If there is anything to be said about people, it is that they will go to unusual lengths to fill in whatever their eyes cannot.

If a person sees an empty space, they do not like it. Their brains scour for patterns—the only way they seem to have assimilated into reality to begin with—around the absence to invent roadways of reason. For every blank must have an explanation and that explanation should be made available to them, because humans know everything.

There cannot be any blanks. There cannot be any gaps.

Gaps mean something is missing, and it seems that is what humans hate most. The not knowing; the not seeing; not understanding something in their environment creates an off-shooting pattern of curiosity and fear. They are drawn to the gaps solely due to their hatred of them, a uniqueness of 'people'.

Orochimaru disagrees. Empty space means there is more left to discover.

Every person he has come across was a blank to be filled, and while the answer was not yet known to him at the time of meeting it was ever soon discovered, and thus the blank was remedied and the resulting pride reveled.

The world revealed herself so long as he asked nicely.

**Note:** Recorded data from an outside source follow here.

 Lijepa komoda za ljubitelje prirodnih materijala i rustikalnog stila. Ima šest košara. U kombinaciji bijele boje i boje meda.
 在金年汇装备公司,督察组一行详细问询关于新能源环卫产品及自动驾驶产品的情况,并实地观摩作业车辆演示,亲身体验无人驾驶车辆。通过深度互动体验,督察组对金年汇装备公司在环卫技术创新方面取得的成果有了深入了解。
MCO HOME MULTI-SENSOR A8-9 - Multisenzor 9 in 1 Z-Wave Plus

Orochimaru perceives gaps as opportunities whereas humans perceive gaps as failures, and that is what most chiefly sets him apart and what Orochimaru most chiefly relies on.

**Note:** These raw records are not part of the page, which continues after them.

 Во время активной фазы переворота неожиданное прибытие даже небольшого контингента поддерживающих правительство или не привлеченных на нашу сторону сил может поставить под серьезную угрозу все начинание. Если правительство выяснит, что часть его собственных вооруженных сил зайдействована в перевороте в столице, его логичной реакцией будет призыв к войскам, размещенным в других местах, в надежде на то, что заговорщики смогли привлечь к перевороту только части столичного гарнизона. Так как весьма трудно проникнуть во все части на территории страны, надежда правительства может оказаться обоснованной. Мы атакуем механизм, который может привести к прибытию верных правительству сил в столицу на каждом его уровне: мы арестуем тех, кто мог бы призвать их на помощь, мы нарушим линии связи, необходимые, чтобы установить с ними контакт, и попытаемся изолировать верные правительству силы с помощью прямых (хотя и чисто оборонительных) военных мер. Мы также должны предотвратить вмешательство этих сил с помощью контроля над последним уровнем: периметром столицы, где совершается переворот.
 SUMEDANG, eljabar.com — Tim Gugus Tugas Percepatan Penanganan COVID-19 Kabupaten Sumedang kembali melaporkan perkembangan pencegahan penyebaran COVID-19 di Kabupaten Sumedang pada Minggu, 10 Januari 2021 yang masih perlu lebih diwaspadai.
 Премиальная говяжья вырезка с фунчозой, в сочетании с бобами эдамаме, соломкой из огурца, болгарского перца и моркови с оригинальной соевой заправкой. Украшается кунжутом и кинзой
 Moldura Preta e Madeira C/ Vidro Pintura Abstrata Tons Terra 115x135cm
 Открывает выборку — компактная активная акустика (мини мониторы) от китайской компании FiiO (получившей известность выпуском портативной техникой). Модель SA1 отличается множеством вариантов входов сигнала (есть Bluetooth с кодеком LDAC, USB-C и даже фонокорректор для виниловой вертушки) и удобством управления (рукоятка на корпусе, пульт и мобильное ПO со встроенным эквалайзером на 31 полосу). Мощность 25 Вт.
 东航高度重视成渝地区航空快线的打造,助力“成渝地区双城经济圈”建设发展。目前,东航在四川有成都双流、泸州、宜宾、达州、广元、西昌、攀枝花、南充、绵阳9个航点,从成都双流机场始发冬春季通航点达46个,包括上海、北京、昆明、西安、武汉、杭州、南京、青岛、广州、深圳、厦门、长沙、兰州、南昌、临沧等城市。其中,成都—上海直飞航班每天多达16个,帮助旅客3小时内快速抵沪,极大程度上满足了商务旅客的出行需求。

Because he, too, is an empty space, a particular gap that has sent his village spiraling since the day their eyes failed to see him.

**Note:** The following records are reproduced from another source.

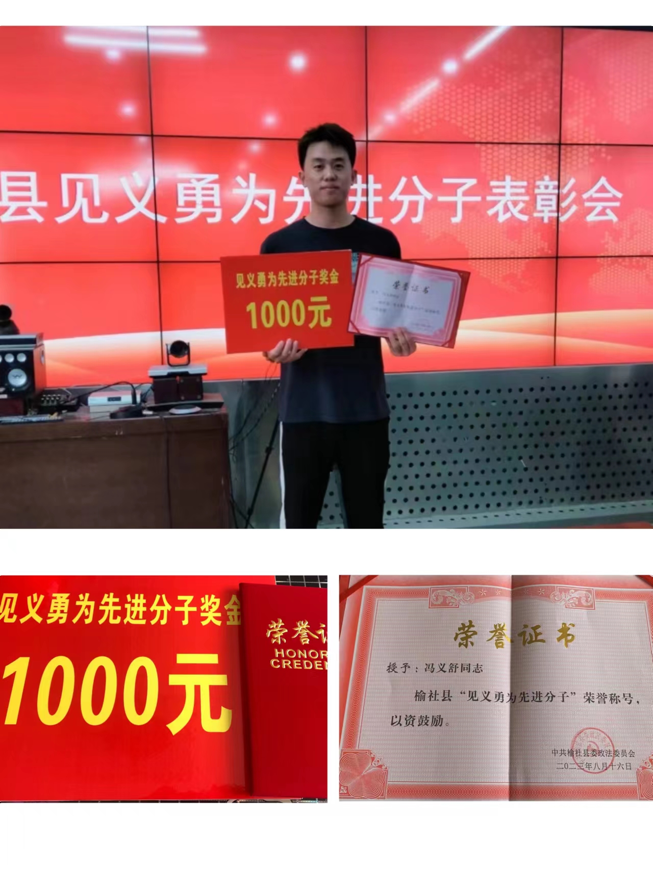 近日,冯义舒被中共榆社县委授予榆社县“见义勇为先进分子”荣誉称号。他表示,见义勇为是中华民族的优良传统,更是当代大学生应该传承发扬的美德,能够把在学校中掌握的专业技能和抢救理论知识运用到实践中,挽救两条鲜活的生命,他感到无比的光荣和自豪!
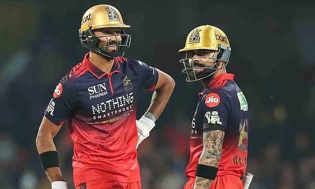2வது விக்கெட்டுக்கு விராட் கோலி-படிக்கல் ஜோடி 101 ரன்கள் சேர்த்தது. அடுத்து இறங்கிய ரஜத் படிதார் 12 பந்தில் 31 ரன்கள் குவித்து ஆட்டமிழந்தார்.
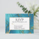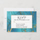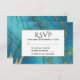 An elegant RSVP card featuring classic blue turquoise marble with gold inlay.
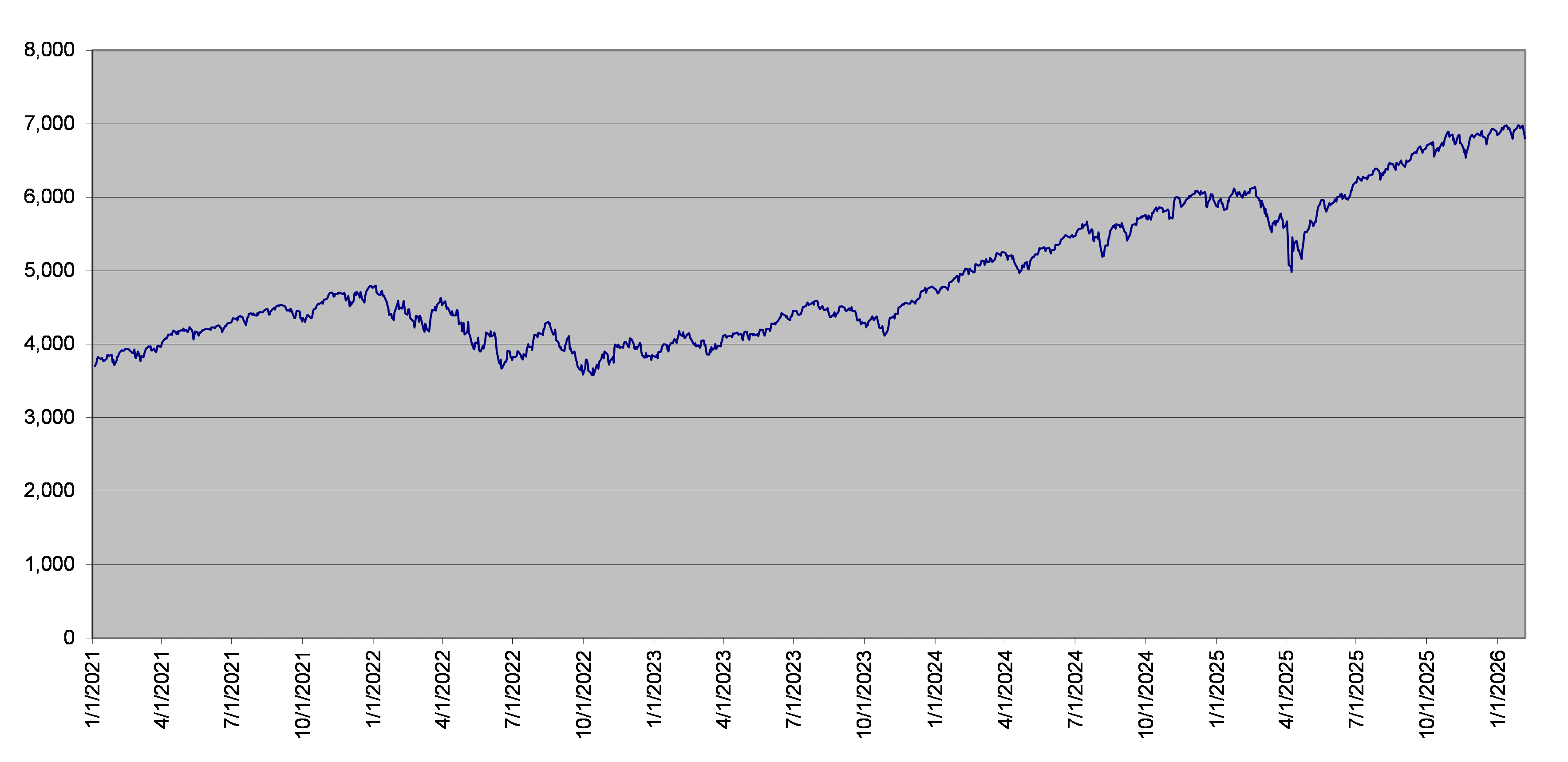 SPX Index Daily Closing Levels January 1, 2021 to February 5, 2026 |

And as something else far removed from humanity, Orochimaru finds that being an augur of their mysteries brings more fulfillment than every filled gap combined.


.


Sarutobi-sensei is, perhaps, the best example of human nature Orochimaru has yet to come across.

A man whose name carries a weight the person attached cannot, but no one sees that. They choose not to—as they do many a negative things.

Not seeing something can be as much a choice as witnessing it. Orochimaru discovers this when listening to people around him that turn their faces away.

Sarutobi Hiruzen can flatten the Kumogakure Spine in a single breath. They say his sweat grew into the redwoods of Fire Country after the war. Can you believe it?

He certainly cannot.

He has met Sarutobi Hiruzen and he is human through and through, nary a divine bone in his body. The first time they spoke, Orochimaru barely heard him. He talked so softly Fire's wind nearly ate it up, and this man is said to bring down mountains with words?

A difficult line to swallow, indeed.

Humans have a very odd tendency to place expectations on a person's name, relying on what they've been told instead of seeking the information out themselves. But who has the time for that? Not Konohagakure; definitely not any of her hundreds of seemingly-empty heads that stare at him in the street like they're witnessing the dead walk.

It is far more pragmatic to validate ideas that are already held. They will never understand. Orochimaru is smart enough to read the Elders' faces when he's in there.

And the person most horrified among them, the Redwoods of Fire himself:

Sarutobi Hiruzen.


.


He's strangling him on the floor with both hands. He tried kicking. It made it hurt worse. He can't move he's so scared.

He wraps his hands around Sensei's wrists and stares, slitted pupils thin as knives, sweat on his upper lip.

Sensei grits his teeth. "I'm sorry," he seethes. He spits through them. Orochimaru can't even blink.

I'm sorry, he reflexively mouths back.

The hands leave his neck with a blinding, beastly sob.

Sensei stumbles backwards, heaves, then his body winks into nothing.


.


AN: I am going through a very difficult time. I hope maybe posting some of my shorter drabbles may keep me encouraged. I plan on this being where I dump a lot of my Orochi rambles, clear or not. Maybe somebody could like them.